VietNamNet Bridge – Vietnam’s pay television market could face fierce competition with the proposed entrance of newcomers.
In 2012, giant telcos, including leading state group VNPT, FPT Telecom, An Vien (AVG) Television and military-run Viettel, sent applications to the Ministry of Information and Communications (MIC) expressing desire to step into the pay TV service market.
Allowing businesses to offer the service both creates a bona fide market competition and makes the most of their telecom infrastructure, according to FPT chairman and chief executive officer Truong Gia Binh.

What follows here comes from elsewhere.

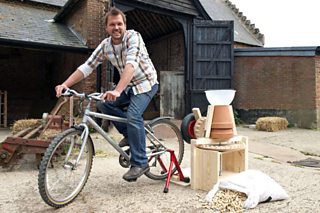 Another favourite of mine was my pedal-powered peanut shelling bike that I used to make peanut butter. Although it looks crazy, it's based on a bit of a real life kit.

Viettel’s deputy general director Nguyen Manh Hung assumed upgrading cable infrastructure to communes for supply of cable television would help cut down investment costs by several times while extending the service to remote areas.
Pay TV has to share market slices with the interactive television segment (IPTV) which has grown the fastest within the pay TV system with around one million subscribers after three years in operation.
Currently there are four IPTV service providers: FPT Telecom, media firm VTC, VNPT and Viettel.
“IPTV promises enormous development potential and will dominate pay TV market in Vietnam,” said FPT Telecom general director Nguyen Van Khoa.
To meet the competition, service providers have rolled out a series of new services, such as FPT Telecom focusing on promoting FPT Play HD, VASC Software and Media Company giving birth to MyTVNet with the introduction of fresh interactive services Video Call, TV Voting, TV Messages and TV Friend.
During a decade in Vietnam, pay TV has exposed several limitations seen in its patchy development, use of backward technology, its focus on urban areas and loosened management of price and service quality.
The MIC has penned and submitted to the prime minister for enactment of synchronous planning on television sector development, including that of pay TV service market targeting high service quality, cutting-edge technology and sustainable development, according to Nguyen Bac Son, Minister of Information and Communications.
Accordingly, existing pay TV system shall be streamlined to avert patchy development and cultivate a healthy pay TV and radio broadcasting market which will operate under market rules with stable development, striving for conversion into entirely digital television and radio broadcasting by 2020. The programme content shall be richly imbued with distinctive cultural identities featuring increasingly service quality and competitive costs.